On 11 March 2025, militants from the group attacked Birnin Dede and six villages near the border with Niger, Kebbi state police spokesman Nafiu Abubakar said, to avenge the killing of their commander by security forces in the area. On 1 July, militants believed to be members of Lakurawa launched a raid on Kwallajiya, a village in Tangaza. Many villagers were preparing for afternoon prayers, with many victims working on their farms.

On 25 December the United States conducted strikes on Sokoto State. U.S. president Donald Trump announced on social media that the strikes were targeted against "ISIS terrorist scum." A local official in the Tangaza area claims that some Lakurawa camps were hit but that the death toll was unclear.

On 4 February 2026, militants of the Lakurawa group attacked the villages of Woro and Nuku in Kwara State killing 162 civilians. The attack happened after the villagers denied the group's demand to implement their version of sharia.
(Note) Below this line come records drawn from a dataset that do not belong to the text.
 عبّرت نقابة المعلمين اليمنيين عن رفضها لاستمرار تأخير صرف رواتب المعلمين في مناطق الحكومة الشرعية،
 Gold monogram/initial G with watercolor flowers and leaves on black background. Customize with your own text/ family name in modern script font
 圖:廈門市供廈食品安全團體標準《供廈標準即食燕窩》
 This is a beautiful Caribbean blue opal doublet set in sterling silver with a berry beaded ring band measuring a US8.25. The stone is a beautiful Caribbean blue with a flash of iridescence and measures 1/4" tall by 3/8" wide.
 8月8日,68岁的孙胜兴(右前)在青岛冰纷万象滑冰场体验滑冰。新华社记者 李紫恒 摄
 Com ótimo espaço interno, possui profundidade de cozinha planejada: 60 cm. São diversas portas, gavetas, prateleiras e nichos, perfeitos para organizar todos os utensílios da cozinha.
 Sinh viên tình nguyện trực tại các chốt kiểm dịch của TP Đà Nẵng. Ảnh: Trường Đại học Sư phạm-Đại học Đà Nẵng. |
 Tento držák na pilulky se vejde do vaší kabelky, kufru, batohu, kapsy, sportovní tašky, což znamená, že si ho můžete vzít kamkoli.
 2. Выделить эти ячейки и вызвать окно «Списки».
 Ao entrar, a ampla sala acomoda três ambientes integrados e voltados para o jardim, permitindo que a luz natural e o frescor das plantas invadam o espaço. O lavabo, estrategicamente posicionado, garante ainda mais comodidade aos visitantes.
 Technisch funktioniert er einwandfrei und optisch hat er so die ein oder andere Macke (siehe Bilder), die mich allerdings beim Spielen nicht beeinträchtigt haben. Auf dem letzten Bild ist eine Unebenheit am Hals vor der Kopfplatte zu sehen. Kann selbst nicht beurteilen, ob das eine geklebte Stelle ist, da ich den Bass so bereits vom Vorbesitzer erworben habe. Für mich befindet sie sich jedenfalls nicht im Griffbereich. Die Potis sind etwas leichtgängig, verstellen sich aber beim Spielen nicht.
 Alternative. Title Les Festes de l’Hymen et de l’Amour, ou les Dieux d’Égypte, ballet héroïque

== Leadership, beliefs, and organization ==
Ameer Habib Tajje serves as the leader of Lakurawa. He made headlines by releasing a warning to the bandit leader Bello Turji, urging him to end his criminal activities. Lakurawa claims to protect against bandits but imposes strict religious laws, and youths have been beaten for shaving their beards, having certain hairstyles, or listening to music. They enforce zakat payment, confiscating cattle from non-compliers. Similar to Boko Haram, they communicate in Tamajaq, Zabarmanci, Bambara, and Hausa. Lakurawa recruits youths with ₦1,000,000.

The name Lakurawa comes from a Hausa adaptation of the French word les recrues, meaning 'the recruits'. The Lakurawa flag includes the Arabic phrase "Al-Jihad fi Sabil Allah" ("Jihad in the cause of God"). At its center, within a red circle, is a stylized insect-like figure. People interviewed said they did not know the meaning or origin of the logo's design.